=== Begin Enclosure ===

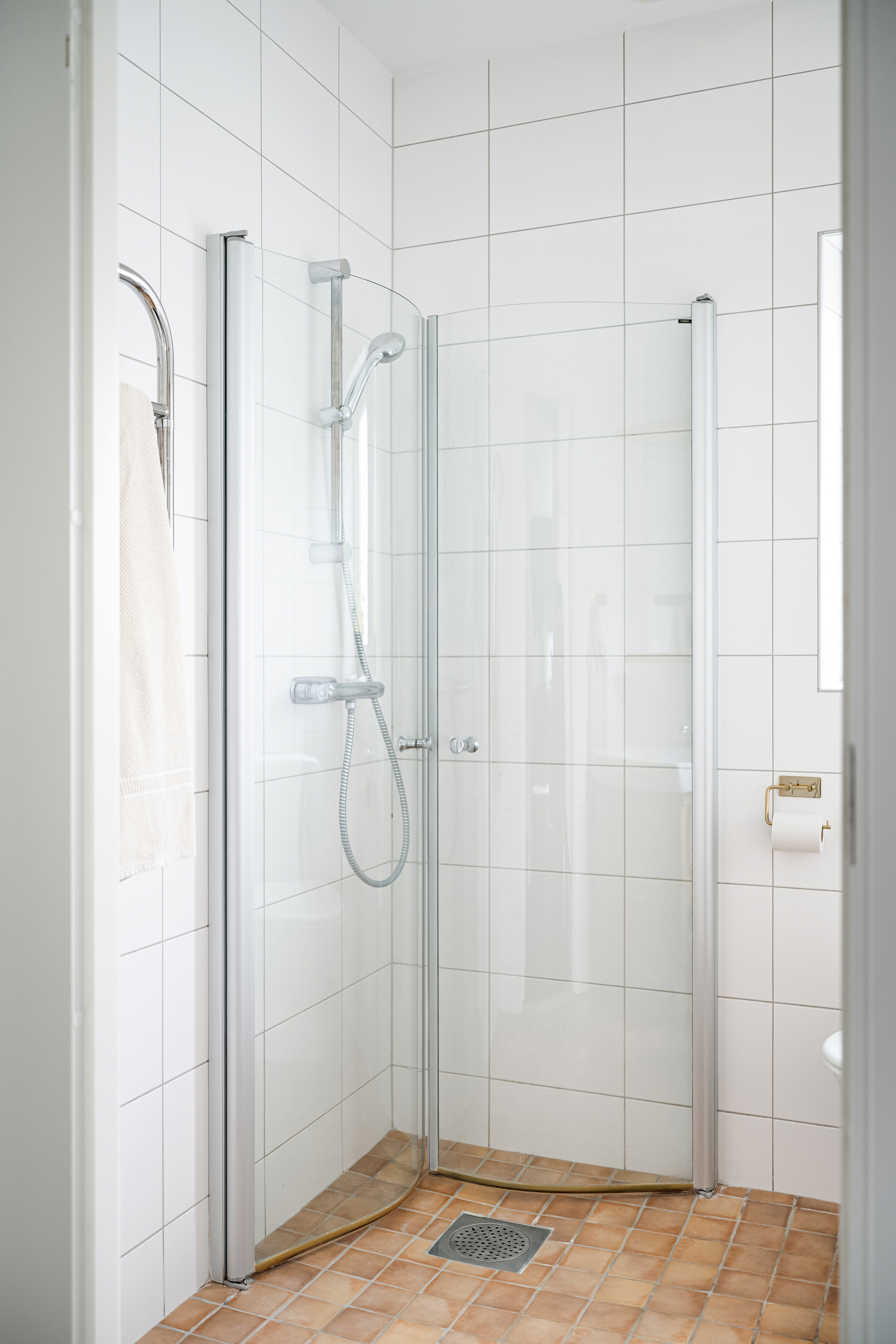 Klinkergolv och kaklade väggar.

=== End Enclosure ===
=== Begin Enclosure ===

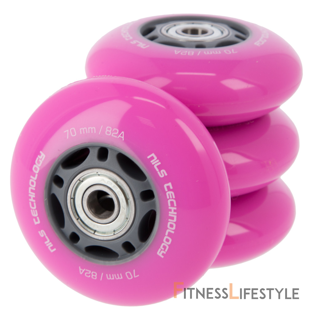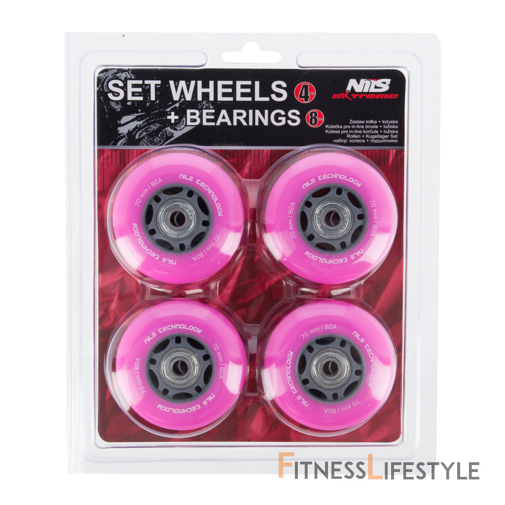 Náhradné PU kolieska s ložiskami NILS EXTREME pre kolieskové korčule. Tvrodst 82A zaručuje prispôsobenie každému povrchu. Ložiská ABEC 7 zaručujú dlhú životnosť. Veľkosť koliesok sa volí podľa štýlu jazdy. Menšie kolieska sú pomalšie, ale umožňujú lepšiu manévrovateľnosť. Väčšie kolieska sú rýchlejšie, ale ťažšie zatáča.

=== End Enclosure ===
=== Begin Enclosure ===

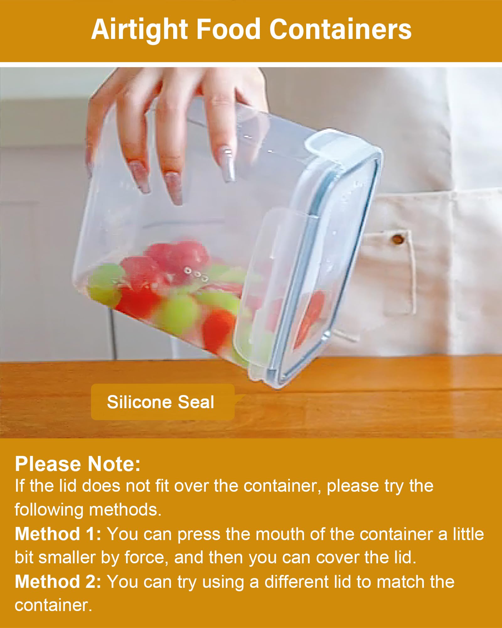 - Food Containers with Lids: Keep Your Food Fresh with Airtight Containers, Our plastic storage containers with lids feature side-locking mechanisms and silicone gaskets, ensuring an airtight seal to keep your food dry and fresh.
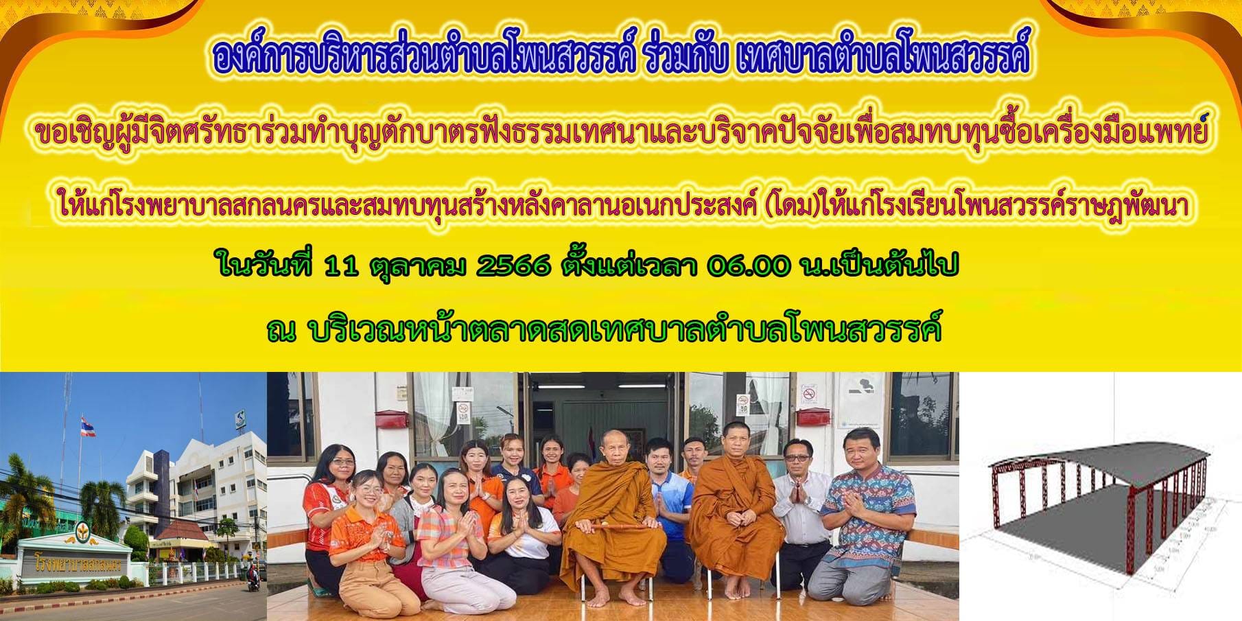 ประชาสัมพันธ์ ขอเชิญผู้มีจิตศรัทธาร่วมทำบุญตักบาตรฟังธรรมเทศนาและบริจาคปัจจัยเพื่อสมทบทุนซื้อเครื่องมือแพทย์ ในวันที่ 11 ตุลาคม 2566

=== End Enclosure ===

Beginning with the line above that contains "- Food Containers" and finishing with the line that contains "11 ตุลาคม 2566", print those lines exactly and only. Skip all pictures.

* Written response:
 - Food Containers with Lids: Keep Your Food Fresh with Airtight Containers, Our plastic storage containers with lids feature side-locking mechanisms and silicone gaskets, ensuring an airtight seal to keep your food dry and fresh.
 ประชาสัมพันธ์ ขอเชิญผู้มีจิตศรัทธาร่วมทำบุญตักบาตรฟังธรรมเทศนาและบริจาคปัจจัยเพื่อสมทบทุนซื้อเครื่องมือแพทย์ ในวันที่ 11 ตุลาคม 2566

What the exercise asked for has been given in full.